Since {c} is standard, it dominates the infinitesimal {o(1)}, so after shrinking {c} a little we get a new bound

\displaystyle f(z) = f(0) + O((\varepsilon + o(1))^n) + \frac{1}{n} f'(z) (z - \mu) + O\left(n|f'(z)|\sigma^2 \int_0^1 te^{-cnt} ~dt\right).

Since {n\int_0^1 te^{-cnt} ~dt} is exponentially small in {n}, in particular it is smaller than {O(n^{-1})}. Plugging in everything we get the claim. \Box

4. Control on zeroes away from {S}

After the gargantuan previous section, we can now show the “approximate level set” property that we discussed last time.

Lemma 7 Let {K} be a standard compact set which misses {S} and {\varepsilon > 0} standard. Then for every zero {\lambda_0 \in K} of {f},

\displaystyle U_\zeta(\lambda) = \frac{1}{n} \log \frac{1}{|f(0)|} + O(n^{-1}\sigma^2 + (\varepsilon + o(1))^n).

Last time we showed that this implies

\displaystyle U_\zeta(\lambda_0) = U_\zeta(a) + O(n^{-1}\sigma^2 + (\varepsilon + o(1))^n).

Thus all the zeroes of {f} either live in {S} or a neighborhood of a level set of {U_\zeta}. Proof: Plugging in {z = \lambda_0} in the approximation

\displaystyle f(z) = f(0) + \frac{1 + O(\sigma^2)}{n} f'(z) (z - \mu) + O((\varepsilon + o(1))^n)

we get

\displaystyle f(0) + \frac{1 + O(\sigma^2)}{n} f'(\lambda_0) (\lambda_0 - \mu) = O((\varepsilon + o(1))^n).

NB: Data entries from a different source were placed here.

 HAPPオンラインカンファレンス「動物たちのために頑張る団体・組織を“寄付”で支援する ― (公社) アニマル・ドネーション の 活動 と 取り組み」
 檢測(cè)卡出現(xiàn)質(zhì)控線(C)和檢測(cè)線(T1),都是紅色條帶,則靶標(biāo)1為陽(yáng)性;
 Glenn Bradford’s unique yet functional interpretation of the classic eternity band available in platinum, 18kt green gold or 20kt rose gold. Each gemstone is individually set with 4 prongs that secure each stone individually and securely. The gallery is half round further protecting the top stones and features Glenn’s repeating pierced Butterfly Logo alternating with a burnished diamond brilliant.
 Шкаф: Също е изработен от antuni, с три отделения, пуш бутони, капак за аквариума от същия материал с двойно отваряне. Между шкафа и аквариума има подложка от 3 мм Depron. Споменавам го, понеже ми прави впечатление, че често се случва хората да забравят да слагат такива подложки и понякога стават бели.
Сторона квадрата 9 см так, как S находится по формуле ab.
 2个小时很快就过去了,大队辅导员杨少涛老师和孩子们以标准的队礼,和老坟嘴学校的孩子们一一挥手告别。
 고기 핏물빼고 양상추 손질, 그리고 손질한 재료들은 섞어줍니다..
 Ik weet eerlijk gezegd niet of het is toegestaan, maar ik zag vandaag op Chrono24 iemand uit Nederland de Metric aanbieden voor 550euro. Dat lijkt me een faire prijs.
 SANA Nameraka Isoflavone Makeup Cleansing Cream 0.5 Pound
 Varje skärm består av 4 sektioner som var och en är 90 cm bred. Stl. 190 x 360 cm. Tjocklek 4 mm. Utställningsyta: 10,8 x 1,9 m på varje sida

Several posts ago, we proved {|f(0)| \sim 1} as a consequence of Grace’s theorem, so {f(0)O((\varepsilon + o(1))^n) = O((\varepsilon + o(1))^n)}. In particular, if we solve for {f'(\lambda_0)} we get

\displaystyle \frac{|f'(\lambda_0)}{n} |\lambda_0 - \mu| = |f(0)| (1 + O(\sigma^2 + (\varepsilon + o(1))^n).

Using

\displaystyle U_\zeta(z) = -\frac{\log n}{n - 1} - \frac{1}{n - 1} \log |f'(z)|,

plugging in {z = \lambda_0}, and taking logarithms, we get

\displaystyle -\frac{n - 1}{n} U_\zeta(\lambda_0) + \frac{1}{n} \log | \lambda_0 - \mu| = \frac{1}{n} \log |f(0)| + O(n^{-1}\sigma^2 + (\varepsilon + o(1))^n).

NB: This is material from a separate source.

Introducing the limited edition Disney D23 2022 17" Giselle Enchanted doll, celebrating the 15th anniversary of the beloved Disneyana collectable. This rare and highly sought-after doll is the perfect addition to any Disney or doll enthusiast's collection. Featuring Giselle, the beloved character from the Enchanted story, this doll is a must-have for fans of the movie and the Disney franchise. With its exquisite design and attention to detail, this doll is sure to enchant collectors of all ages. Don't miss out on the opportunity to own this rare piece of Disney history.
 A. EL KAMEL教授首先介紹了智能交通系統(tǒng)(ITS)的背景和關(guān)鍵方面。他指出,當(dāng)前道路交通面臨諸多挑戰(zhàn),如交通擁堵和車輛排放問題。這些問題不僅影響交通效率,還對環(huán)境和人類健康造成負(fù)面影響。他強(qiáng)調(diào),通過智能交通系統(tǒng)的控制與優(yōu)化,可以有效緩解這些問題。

Now {\lambda_0 \in K} and {K} misses the standard compact set {S}, so since {0 \in S} we have

\displaystyle |\lambda - \zeta|, |\lambda - \mu| \sim 1

(since {\zeta^{(\infty)} \in S} and {\mu} is infinitesimal). So we can Taylor expand in {\zeta} about {\mu}:

\displaystyle \log |\lambda_0 - \zeta| = \log |\lambda_0 - \mu| - \text{Re }\frac{\zeta - \mu}{\lambda_0 - \mu} + O(\sigma^2).

Taking expectations and using {\mathbf E \zeta - \mu},

\displaystyle -U_\zeta(\lambda_0) = \log |\lambda_0 - \mu| + O(\sigma^2).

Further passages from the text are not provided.